The Universe is, I am not
Osho on Nothingness, emptiness
BELOVED OSHO,
FOR YEARS I HAVE CONTEMPLATED WHAT SEEMS TO ME TO BE THE BASIC MESSAGE FOR WELL-BEING: LOVE YOURSELF. WHEN I WAS A THERAPIST, ALL DAY HEARING, “I HATE MYSELF; I FEEL SORRY FOR MYSELF; I AM PROUD OF MYSELF; I WANT TO DESTROY MYSELF,” I STARTED WONDERING — WHO IS THIS SELF?
I LOVE WHEN YOU SAY THERE IS NO SELF. THAT SEEMS SO FREEING. COULD YOU PLEASE SAY MORE?
The whole therapeutic movement has gone wrong on that point: Love thyself. Socrates used to say, “Know thyself.” And there have been masters, particularly Sufis, who say, “Be thyself.” But there is only one person in the whole history of man, Gautam Buddha, who said, “There is no self. You are an emptiness, utter silence, a non-being.” His message was much opposed by all the traditions, because they all depended in some way or other on the idea of the self. There may have been differences on other points, but on one point they were all totally in agreement — and that was the existence of the self. Even people like George Gurdjieff, who used to talk about a very novel idea — that you are not born with a self, you have to earn it: “Deserve thyself” — finally, he also ends up with the self. Gautam Buddha does not make any distinction between the self and the ego — and there is none. It is just sophistry, linguistic gymnastics, to make such distinctions; then you can discard the ego and save the self. But the self is simply another name of the ego. You are only changing names, and no transformation of being is happening.
Buddha’s message is tremendously significant: you are an emptiness; there is no point in you which can say “I.” Looked at from my vision, when I say to you, “Melt, dissolve into existence,” I am simply saying the same thing in more positive terms.

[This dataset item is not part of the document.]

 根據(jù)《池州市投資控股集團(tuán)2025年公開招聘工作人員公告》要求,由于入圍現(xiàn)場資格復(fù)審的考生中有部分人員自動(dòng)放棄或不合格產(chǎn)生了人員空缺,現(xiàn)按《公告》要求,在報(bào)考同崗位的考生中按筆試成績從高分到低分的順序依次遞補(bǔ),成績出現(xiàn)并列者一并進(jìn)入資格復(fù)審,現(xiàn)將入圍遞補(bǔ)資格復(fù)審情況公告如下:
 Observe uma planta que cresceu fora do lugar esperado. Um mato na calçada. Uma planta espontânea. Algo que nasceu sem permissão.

Buddha’s way of saying it was so negative that many people were stopped, because the question arose, naturally, that if there is no self, why bother? what is there to achieve? Just to know that you are not? A whole life of discipline, great effort for meditation, and the result is to know that you are not? The result does not seem to be worth it! At least without the meditation, without the discipline you have some sense of being. It may be wrong, but at least you are not feeling hollow and empty. Knowing that you are not, how will you live? Out of nothingness there is no possibility of any love, of any compassion — no possibility of anything. Out of nothing comes only nothing.

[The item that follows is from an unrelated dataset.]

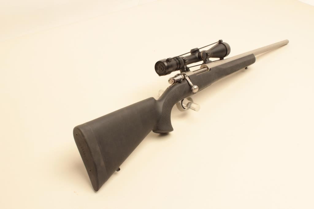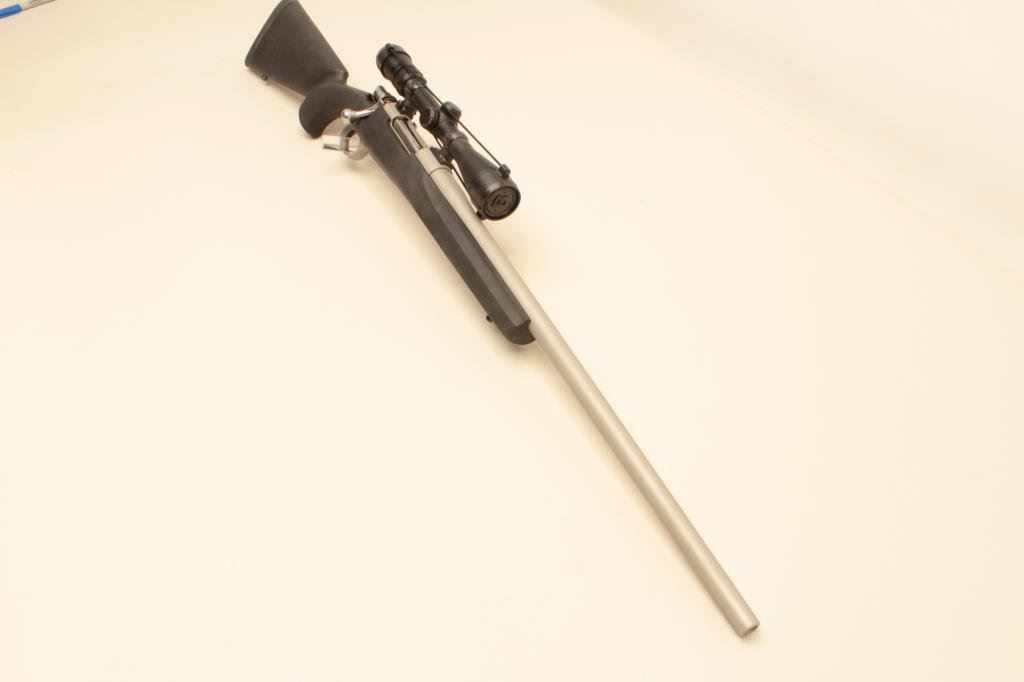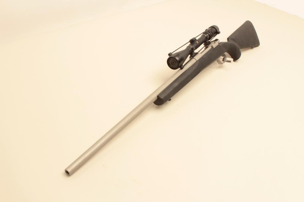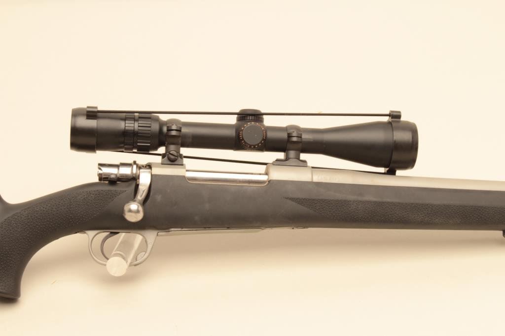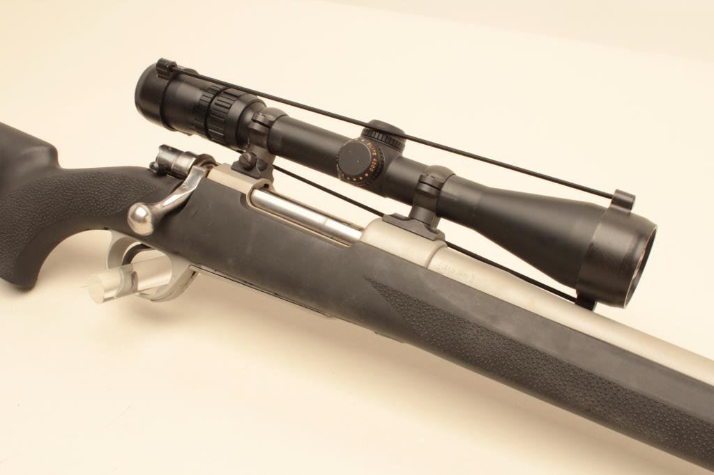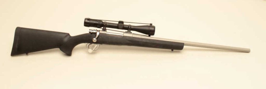 rifle is in very good condition with a 24” barrel marked, “BAD BOY” just ahead of the front ring. The barrel and receiver retain nearly all of their matte stainless finish with small mars and some loss of finish near the magazine. The bolt handle has been modified for scope clearance, polished and left in the white. The stock is a Hogue Over-molded synthetic in very good condition with a recoil pad providing a 13 5/8” LOP. The rifle is topped with two-piece mounts and a Bushnell Elite 4200 1.5 x 6 variable power scope with clear, crisp optics. The 0.416 Taylor is based on the 0.458 Winchester Magnum cartridge necked down to .416. The lot includes a set of custom Lee reloading dies. A great big game rifle in a powerful wildcat cartridge. Custom Mauser 0.416 Taylor Brass is included Est.: $700-$1,400. (Modern).

So the opponents of Buddha described his method as a subtle way of spiritual suicide — far more dangerous than ordinary suicide, because with ordinary suicide you will survive, you will take a new form, a new birth. But with Buddha you will be committing total suicide, annihilation. There will be no longer anything left of you, and you will be never heard from again, never found again. You never were in the first place.
Buddhism died in India, and one of the basic reasons was Buddha’s way of putting his philosophy. I can understand why he was so insistent on negatives, because all other philosophies were so positivistic, and all their positivism was turning into stronger and stronger egos. He moved to the other extreme, seeing that positivism is going to give you egoistic ideas — and that is a hindrance between you and existence. To stop this idea he became totally negative. You cannot complain about it, because the positivistic ideologies were in a strange situation: you have to drop the ego to find yourself, you have to drop the ego to find God, you have to drop the ego to become God, you have to drop the ego to find ultimate liberation — liberation of whom? Liberation of yourself. So there was achievement, and achievement is always of the ego. There is a goal, and the goal is always of the ego. Seeing all this, Buddha said, “There is no self. There is nothing to be achieved, and there is no goal to be found. You have never existed, you do not exist, you will not exist. You can only imagine, you can only dream that you are…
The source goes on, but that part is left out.